Manually operated water pumps are the only source of domestic water in some parts of Ethiopia's Central Rift Valley

Authors: Amare Bantider, Bamlaku Tadesse, Adey Nigatu Mersha, Gete Zeleke, Taye Alemayehu, Mohsen Nagheeby and Jaime Amezaga

Abstract: As is the case elsewhere in the world, water governance in Ethiopia is a by-product of a complex set of various global and local socio-political, economic, and ecological discourses and narratives. However, the many competitive and often conflicting discourses on shaping water governance in the Ethiopian Central Rift Valley (CRV) have not been examined and chronicled. This paper investigates the different discourses, narratives, and debates of water governance and their implications for satisfying the growing demand for water. The study was grounded in political economy and political ecology theoretical frameworks. Data were collected through literature surveys and intensive fieldwork and were analysed following a discourse analysis and using narrative analysis techniques.

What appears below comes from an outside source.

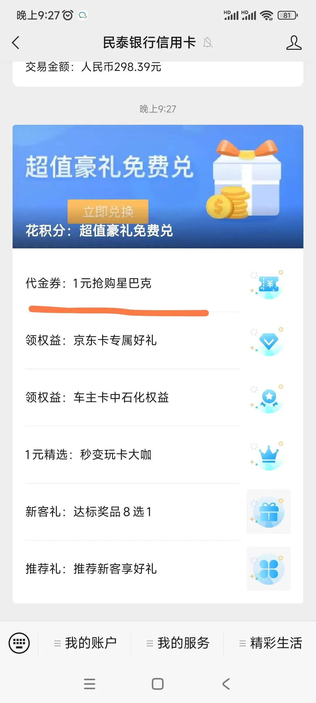 4、缺点就是每天要冲很多笔,我有3个账号,相当于要冲30次; 5、除了以上活动之外,民泰银行官微还有其他活动,精彩活动~~信用卡权益~~代金券:1元抢购星巴克;

The study found that the dominant competing discourses that have greatly influenced water governance in the CRV focus on decentralisation, water-centred development, marketisation, land/water degradation, climate change, water scarcity, and weak water governance. We suggest that the analysis and documentation of the diverse narratives and discourses from multiple perspectives could help to unravel the complex nature of water governance in the CRV and lay the foundation for attempts to implement sustainable water resource management in the region.